86 Subsection (4) of s222AOJ, defining "reasonable", provides little guidance as to what is "reasonable" in the present case. However, insofar as the definition requires that regard be had to "all other relevant circumstances", these would certainly include the matters set out by Handley JA at [58] and [59]. Important amongst these was the failure of the appellant, knowing of the company's financially precarious position, to take steps to verify that the payments were being made on the due dates, beyond seeking assurances to that effect from Mr Aitken, the finance director and insolvency expert. The appellant did not suspect Mr Aitken of wrongdoing nor on the evidence has it been shown that he had reason to do so. Still the appellant made no enquiry beyond Mr Aitken. He did not call for proof from Mr Aitken or anyone else that the group tax had been received by the Tax Department. Given that achieving that outcome fell on each director, the appellant was not excused from going further, especially knowing the parlous state of the company and the criticality that the group tax be paid on its due date. Moreover, the combination of s222AOJ(3) and s222AOB(1)(a) required that the appellant ensure the directors, therefore Mr Aitken as well as himself, take all reasonable steps to bring about the outcome in s222AOB(1)(a), not merely seek assurances from Mr Aitken in that regard. This he failed to do.

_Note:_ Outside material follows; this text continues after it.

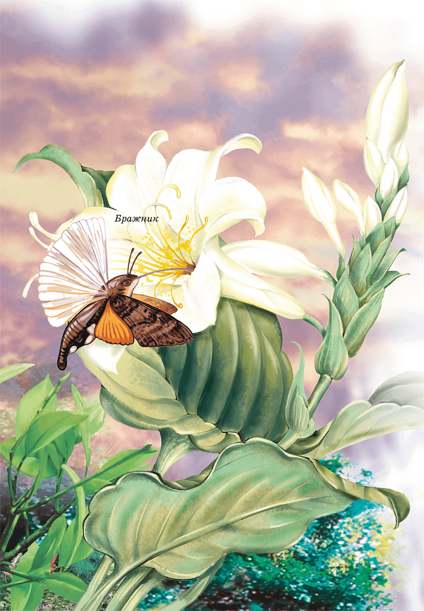 Ротовые органы бабочек преобразованы в длинный хоботок, который прекрасно служит для высасывания цветочного нектара. Когда бабочка не пользуется хоботком, она свертывает его в крутую спираль и прячет у себя под головой. В расправленном виде хоботок некоторых бабочек превышает длину тела. Бабочки-бражники, как птицы колибри, могут питаться нектаром в полете, засовывая хоботок внутрь цветка.

87 Had a check been made of the accountant, Ms Debbie Daley, it might or might not have revealed that some of the payments had not been made. One must bear in mind that the defaults were sporadic though not infrequent. Default in fact took place some 11 weeks out of the 35, being about one-third of the weekly payments. But the fact that the direct enquiry may not have revealed the true position does not obviate it constituting a reasonable step in the circumstances. This is more especially when over 35 weeks had passed, well beyond the period of any half yearly accounts. During that extended period, the appellant made no independent verification that payment had been received by the Tax Office nor did he seek any specific record of payment. Taking all reasonable steps would at least entail checking more directly that payment had actually taken place, whether or not that checking would have revealed the default.

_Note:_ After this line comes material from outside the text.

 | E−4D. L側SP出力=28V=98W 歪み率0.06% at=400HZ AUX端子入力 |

88 Had the management accounts been more informative, that might have excused checking with the accountant. But this is only if those accounts were prepared in a form as would have revealed the amounts payable and actually paid to the ATO for current group tax, and in reduction of the arrears, if not whether paid on their due date. But this the accounts did not do.
89 Thus I agree with the conclusion that the defence is not made out.